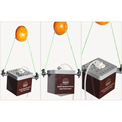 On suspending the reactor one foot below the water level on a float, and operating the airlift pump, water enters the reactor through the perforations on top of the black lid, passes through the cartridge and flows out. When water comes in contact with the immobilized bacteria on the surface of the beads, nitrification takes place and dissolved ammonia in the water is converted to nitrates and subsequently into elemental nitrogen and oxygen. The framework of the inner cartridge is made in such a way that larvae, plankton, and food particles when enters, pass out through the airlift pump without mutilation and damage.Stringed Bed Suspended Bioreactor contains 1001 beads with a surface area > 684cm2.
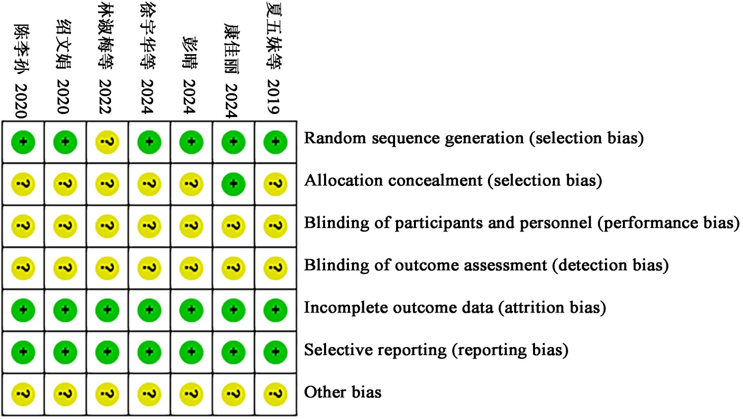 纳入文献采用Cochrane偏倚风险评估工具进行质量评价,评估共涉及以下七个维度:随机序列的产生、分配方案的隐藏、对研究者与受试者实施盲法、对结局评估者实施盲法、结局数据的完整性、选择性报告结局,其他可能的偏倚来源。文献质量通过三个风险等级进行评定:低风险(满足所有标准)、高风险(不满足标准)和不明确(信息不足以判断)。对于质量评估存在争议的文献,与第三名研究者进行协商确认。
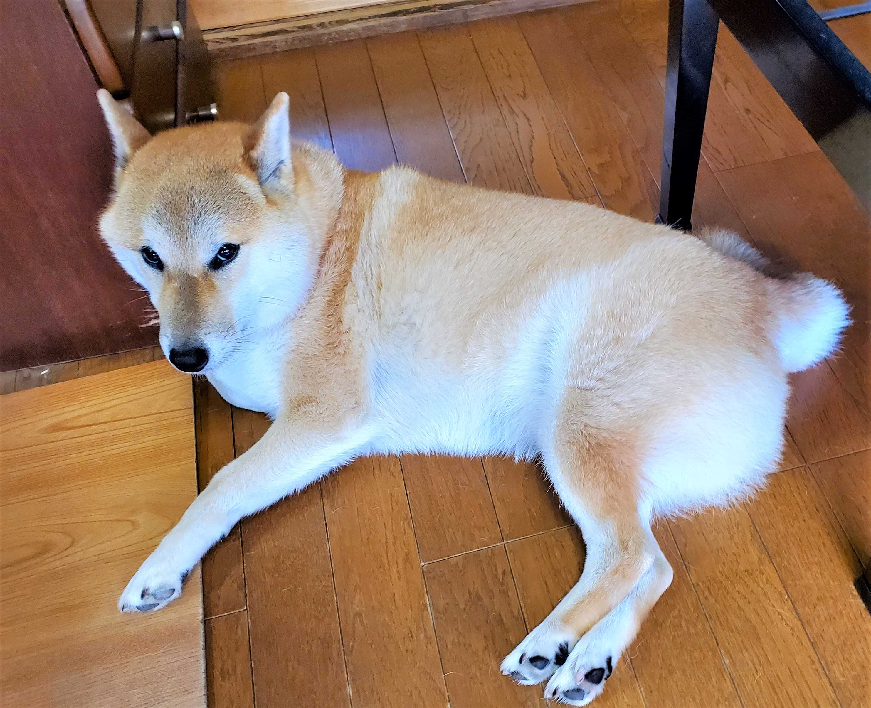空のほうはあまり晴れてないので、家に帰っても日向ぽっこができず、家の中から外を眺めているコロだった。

★ ★ ★ ★ ★

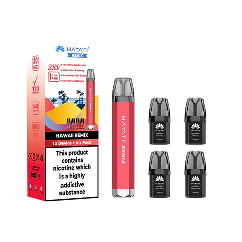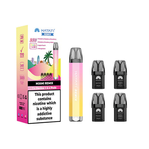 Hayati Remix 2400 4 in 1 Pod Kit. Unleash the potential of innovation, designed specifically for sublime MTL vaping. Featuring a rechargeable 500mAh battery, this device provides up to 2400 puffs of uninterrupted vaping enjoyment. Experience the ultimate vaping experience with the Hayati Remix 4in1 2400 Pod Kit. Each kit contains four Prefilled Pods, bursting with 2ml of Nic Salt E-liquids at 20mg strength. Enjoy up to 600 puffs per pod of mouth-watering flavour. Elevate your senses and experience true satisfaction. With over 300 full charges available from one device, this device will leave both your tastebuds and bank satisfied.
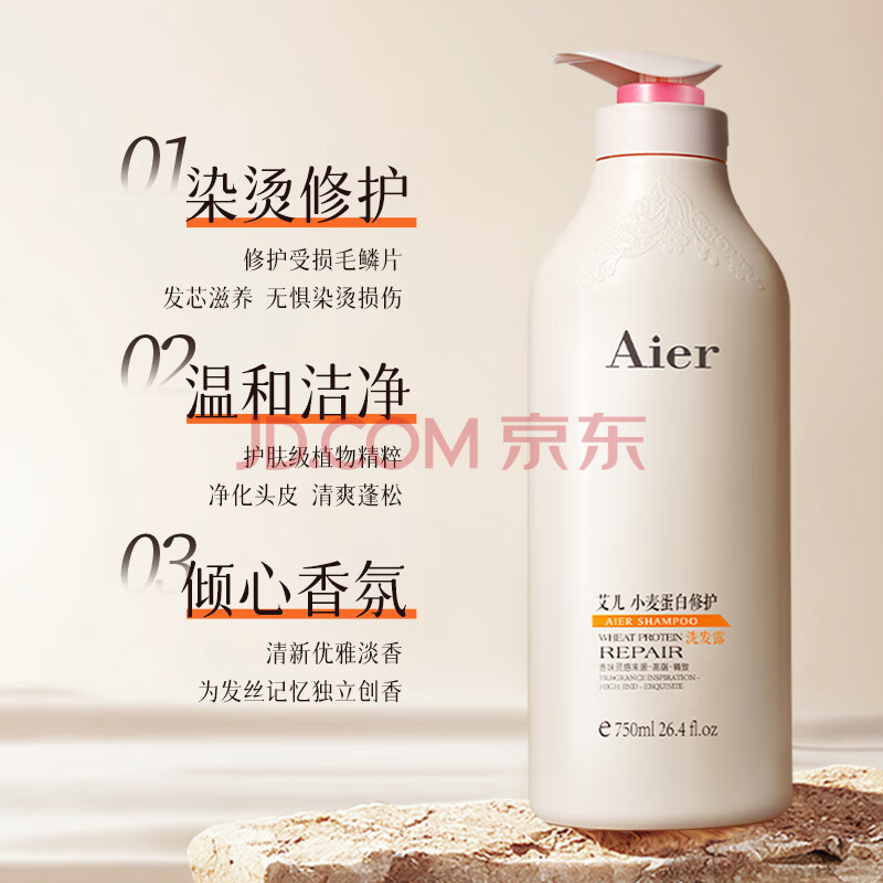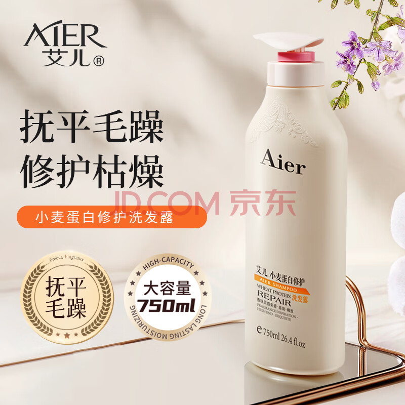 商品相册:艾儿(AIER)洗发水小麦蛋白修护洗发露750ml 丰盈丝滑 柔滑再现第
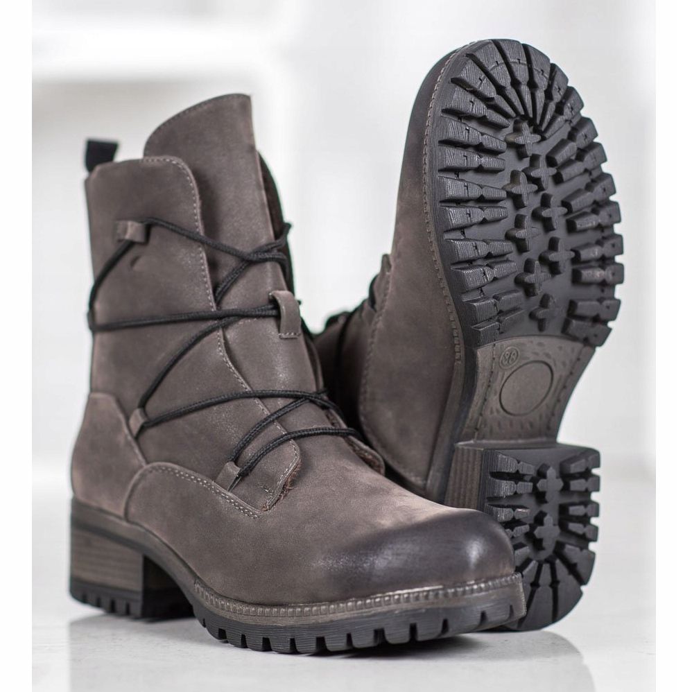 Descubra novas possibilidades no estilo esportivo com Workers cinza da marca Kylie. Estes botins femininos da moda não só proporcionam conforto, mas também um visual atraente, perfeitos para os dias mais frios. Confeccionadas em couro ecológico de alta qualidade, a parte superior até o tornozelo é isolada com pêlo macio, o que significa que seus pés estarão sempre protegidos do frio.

★ ★ ★ ★ ★

What to do: What lines above run from the one with "商品相册:艾儿(AIER)洗发水小麦蛋白修护洗发露750ml 丰盈丝滑 柔滑再现第" to the one with "Descubra novas possibilidades"? Give them again exactly, ends included, and leave the pictures out.

Solution for this problem:
 商品相册:艾儿(AIER)洗发水小麦蛋白修护洗发露750ml 丰盈丝滑 柔滑再现第
 Descubra novas possibilidades no estilo esportivo com Workers cinza da marca Kylie. Estes botins femininos da moda não só proporcionam conforto, mas também um visual atraente, perfeitos para os dias mais frios. Confeccionadas em couro ecológico de alta qualidade, a parte superior até o tornozelo é isolada com pêlo macio, o que significa que seus pés estarão sempre protegidos do frio.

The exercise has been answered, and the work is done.